As the overall concept has been refined over the years, we now have three levels. They are

  • The presentation layer
  • The logical layer
  • The storage layer

The logical layer is held to be the Relational Model. Here we have the "Relational Data Model" using "Relational algebra", where Codd's "Relational calculus" operates. This is where the Relational Database Management System (RDBMS) exists. In the ideal system (which, of course, does not exist), the storage layer can be adjusted and tuned for performance while the logical layer and its constraint logic is unchanged.

SQL databases implement various forms of DBMS, each of which follow the relational model to some degree. SQL is used not only in the logical layer, but also to define the storage structure as well. SQL databases seem to define various data 'types' that exist only because they were used in computer programming.


The Multi-Value Model was based on a project to report on information held in large computer data banks. The method involved defining the path to the storage and how to format it in printouts. This path and formatting information was held in a data dictionary and gave the ability to request data by a field name rather than by an access path. This was extended by Don Nelson and Dick Pick by designing a storage structure which made it simple to define the path to specific data fields. Rather than interposing a logical layer between presentation and storage, the storage layer was abstracted to match the presentation. All data was stored as a string of characters so that you could read the text pretty well 'by eye' directly off the storage structure.

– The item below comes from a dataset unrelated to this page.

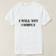 Tired of the government telling you what to do? Let others know that you will not comply with unlawful regulations with this "I Will Not Comply" design.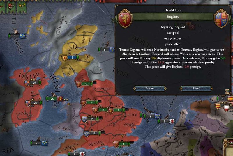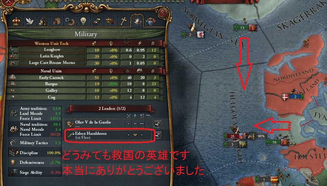 バトル オブ ヘルゴラント イングランドはこの時点で伝統の『海軍士気+20%』と1つ目の固有NIで『重装船戦闘力+10%』を獲得しており既に海なら最強だが、 ノルウェーも伝統の『小型船戦闘力+20%』と2つ目の固有NIで『海軍士気+20%』を解放しており、実はなんと士気は拮抗している。

In the Multi-Value model there is no DBMS as such. The definition used for data presentation does not provide constraint checking on data updates. All controls are enforced by the application. However, there have been a large number of application generators and fourth generation languages developed in MV. I remember writing one myself that took my specification and generated working code. It took me two weeks to write and produced 50,000 lines of code in 20 minutes for something over 100 programs (data entry, menus, and reports). I think the reason why I (and so many others) could do this was that the particular type of BASIC used in MV is really good at handling strings, including strings of source code.